Blog · July 7, 2016

July 7: a box of chocolates

Do I favour specific cognitive tools in learning? Do some of us use some cognitive tools to make sense of our world while others of us use a different set?
Today we completed an imaginative self-assessment. We were asked to list which cognitive tools we used easily and which ones were foreign to us. We thought about understandings that we gravitated to and others that we didn’t.

I hadn’t thought about cognitive tools in this way before,at least not as being connected with learning or personality types. Before today, I understood that somatic, mythic, romantic, etc., tools developed along with literacy. Although we would use bits and pieces of them throughout our lives in different learning situations, the use of the tools seemed to depend on the nature of the activity not on the character of the student. Today’s self-assessment looked at cognitive tools not by how/when they would be used but by who would use them; the suitability of each tool to individual learners.
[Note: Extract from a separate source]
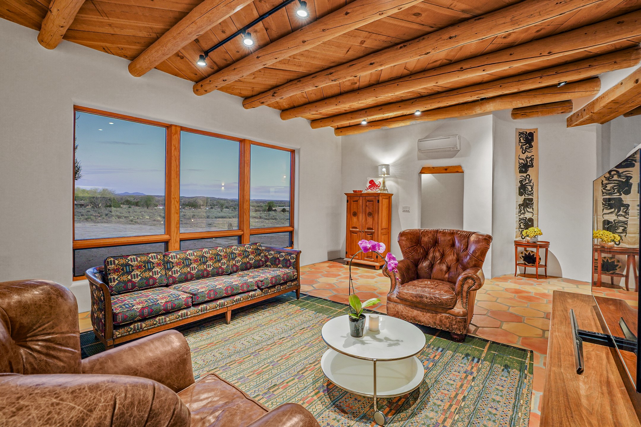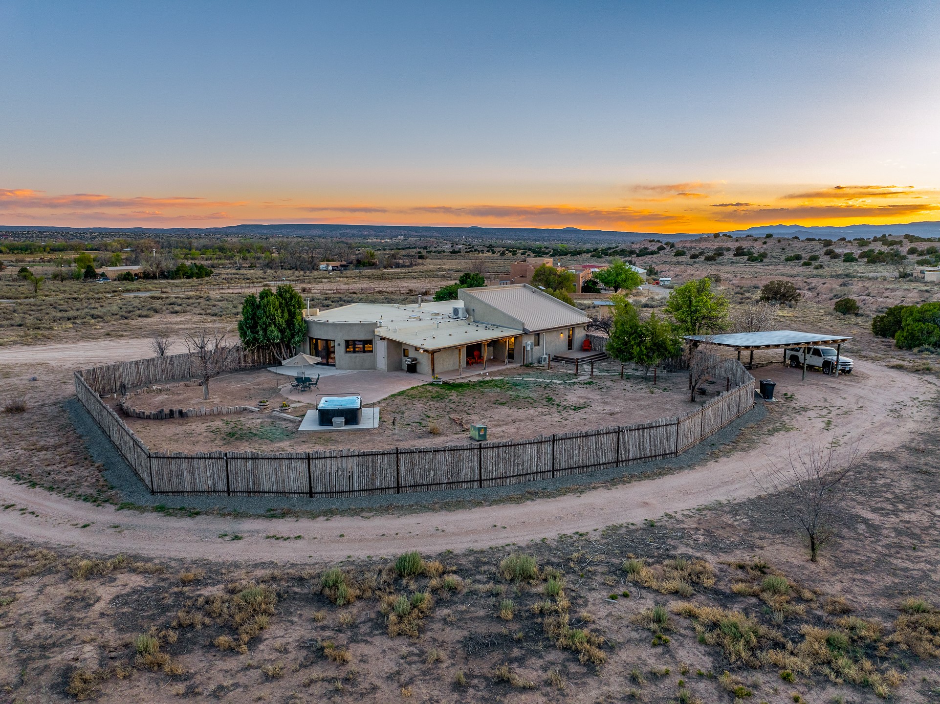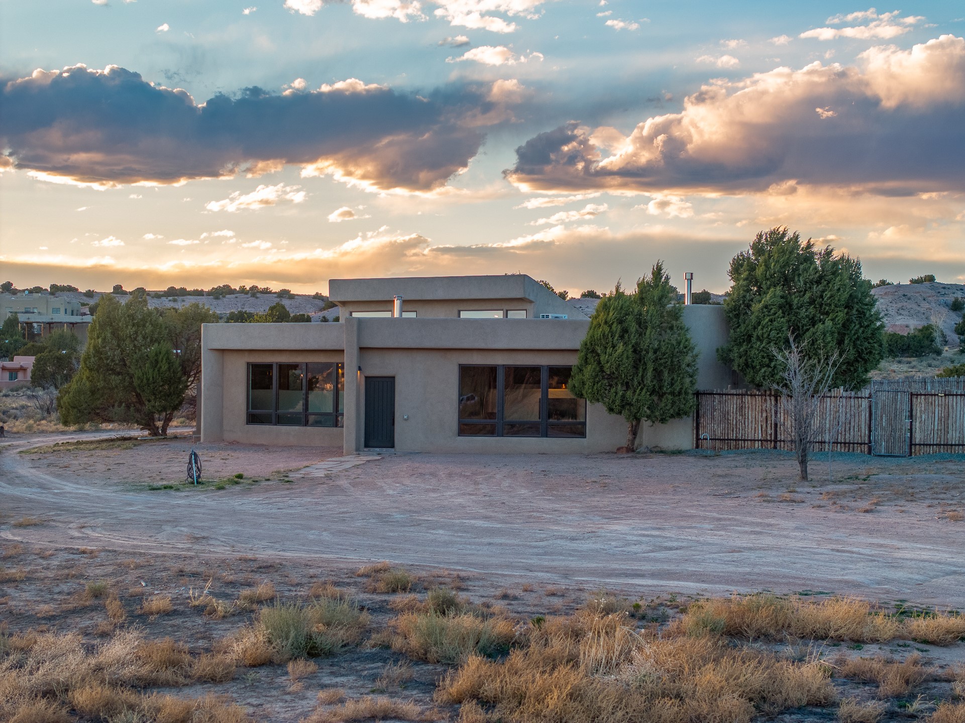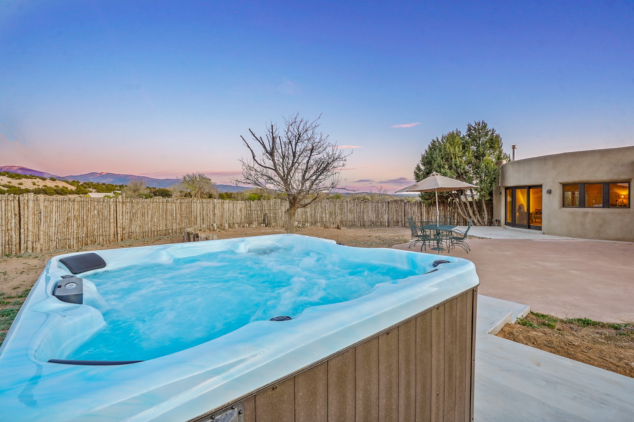 Tucked into the tranquil landscape of Namb and only a short drive from the heart of Santa Fe, 27 Loma Blanca is a beautifully renovated 3-bedroom, 3-bath home that seamlessly blends modern comforts with the natural beauty of northern New Mexico. Set on just over 5 acres with breathtaking views of the Sangre de Cristo Mountains to the east and Pojoaque Pueblo Badlands to the west, this property offers space, privacy, and the peace of the high desert. An extensive renovation has transformed this home from the ground up, including the addition of a new primary suite complete with a spacious ensuite bathroom. The reimagined kitchen is both functional and elegant, designed for modern living and entertaining. Additional updates include a brand-new TPO roofing system with transferable warranty, stucco siding, mini split heating and cooling and all new windows and doors--enhancing both curb appeal and year-round comfort. Designed with sustainability in mind, the home features a passive solar design that furthers its energy efficiency. Inside, tasteful updates extend throughout generous living areas and into the rare, expansive basement--ideal for storage, a studio, or a creative workspace. Outdoors, enjoy the fully enclosed yard surrounded by traditional latilla fencing, perfect for pets or peaceful evenings under the stars. For the adventurer or hobbyist, the property includes two RV hookups with all required connections directly adjacent to a three-bay carport. The property boasts a private well with attached irrigation rights, a rare and valuable asset in this region. Whether you're looking for a full-time residence, a weekend retreat, or a unique investment opportunity, 27 Loma Blanca offers the perfect blend of rural charm and modern living, all framed by some of the most iconic views in the Southwest.

My task was to try to figure out what kind of tool(s) I generally felt most comfortable using. This was hard. It was acknowledged that we are complex by nature and not one cognitive tool would fit us exactly. This made sense. I wandered around our class conversing with people, asking them where they pegged themselves. It quickly became evident that no one felt they could identify with just one tool. I did feel a connection with a group of people who saw themselves as “philosophically mythic”. That is, we try to make sense of our world by looking for general causal chains and networks that show us how things connect (that is the processing characteristic of the philosophic tool). But, we also identified the need to find these connections through metaphor and story (those are characteristics from the mythic tools).

Life-is-like-a-box-of-ChocolatesA few years ago I wouldn’t have thought of myself as a “philosophically mythic” learner, but this revelation has been slowly forming in my mind as I study more and interact with others who I see take on learning in ways different from me.

The last task we were given was to name our group. We chose “Box of Chocolates”. Like a box of chocolates we come with a variety of personalities, flavours and cognitive tools.(I do also enjoy somatic experiences and perhaps am a little romantic at heart).